"Rumors of a massive underwater earthquake rocking Thunder Bay, Ontario and triggering a dangerous tsunami headed due south across the lake directly for the Keweenaw turned out to be totally unfounded," said WW&W seismologist Sue Naami.
"False alarm," she added, "the magnitude 7.1 fake quake simply never happened, leaving nowhere near the widespread, catastrophic destruction of unthinkable proportions that laid waste to Haiti, Chile and Taiwan."
Nor was there a kernel of truth to a mountainous wave submerging Isle Royale as it rolled inexorably across Lake Superior, capsizing 1,000-foot ore boats, and washing the entire north shore of the U.P. and the coastal villages of Copper Harbor, Eagle Harbor and Eagle River out to sea.

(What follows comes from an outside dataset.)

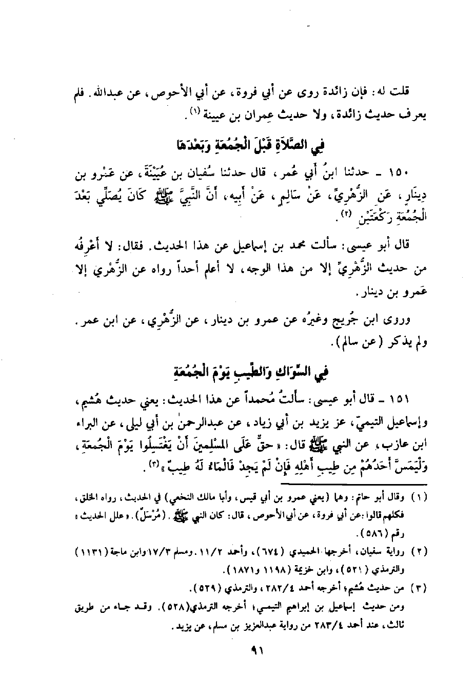 151 - قَالَ أَبُو عِيسَى: سَأَلْتُ مُحَمَّدًا عَنْ هَذَا الْحَدِيثِ يَعْنِي: حَدِيثَ هُشَيْمٍ , وَإِسْمَاعِيلَ التَّيْمِيِّ عَنْ يَزِيدَ بْنِ أَبِي زِيَادٍ , عَنْ عَبْدِ الرَّحْمَنِ بْنِ أَبِي لَيْلَى , عَنِ الْبَرَاءِ بْنِ عَازِبٍ , عَنِ النَّبِيِّ صَلَّى اللهُ عَلَيْهِ وَسَلَّمَ قَالَ: «حَقٌّ عَلَى الْمُسْلِمِينَ أَنْ يَغْتَسِلُوا يَوْمَ الْجُمُعَةِ , وَلْيَمَسَّ أَحَدُهُمْ مِنْ طِيبِ أَهْلِهِ فَإِنْ لَمْ يَجِدْ فَالْمَاءُ لَهُ طِيبٌ» -[92]-. فَقَالَ: الصَّحِيحُ عَنِ ابْنِ أَبِي لَيْلَى , عَنِ الْبَرَاءِ مَوْقُوفٌ , وَإِسْمَاعِيلُ بْنُ إِبْرَاهِيمَ التَّيْمِيُّ ذَاهِبُ الْحَدِيثِ , كَانَ ابْنُ نُمَيْرٍ يُضَعِّفُهُ جِدًّا , وَلَمْ يُعْرَفُ حَدِيثُ هُشَيْمٍ , عَنْ يَزِيدَ بْنِ أَبِي زِيَادٍ , وَحَدِيثُ هُشَيْمٍ أَصَحُّ وَأَحْسَنُ مِنْ حَدِيثِ إِسْمَاعِيلَ

"Their sins weren't even washed away metaphorically," said a dejected local fundamentalist thought to have started the rumor. "In fact, it backfired," he confessed in shame. "Most people fear losing there lives and homes when the earth moves under your feet; fundamentalists are afraid someone might think they were dancing."
"I know it sounds silly," said WW&W religion correspondent Amazing Grace. "They believe earthquakes and natural disasters are the fault of sinners being punished by God for their wicked ways, and not the Keweenaw Fault."
Seismologists, geologists and theologists believe earthquakes and tsunamis are caused by the slipping of secular tectonic plates.
Those who jumped the gun and started rejoicing prematurely that their days on earth were finally over and their heavenly home was nigh were bitterly disappointed to hear it was just a hoax.
"I don't care how apocalyptic you are," Grace admonished, "God hasn't done hurricanes, earthquakes, tsunamis, floods or pestilence since Sodom & Gomorrah; In fact, He wishes you'd stop calling natural disasters acts of God altogether."
"You know how they say it's too late to duck once you've heard the shot?" she added. "If somebody hollers "Tsunami! Run!" it's pretty much too late no matter how fast you are."
The epicenter of the fake quake took place in a remote, untraveled wilderness area backa Helltown Swamp where there's not much to destroy; a black hole that even the most sophisticated cellphones cannot penetrate. Yet an entire hunting culture is in mourning over every deer camp in the Keweenaw being reduced to rubble, yet saunas went miraculously untouched.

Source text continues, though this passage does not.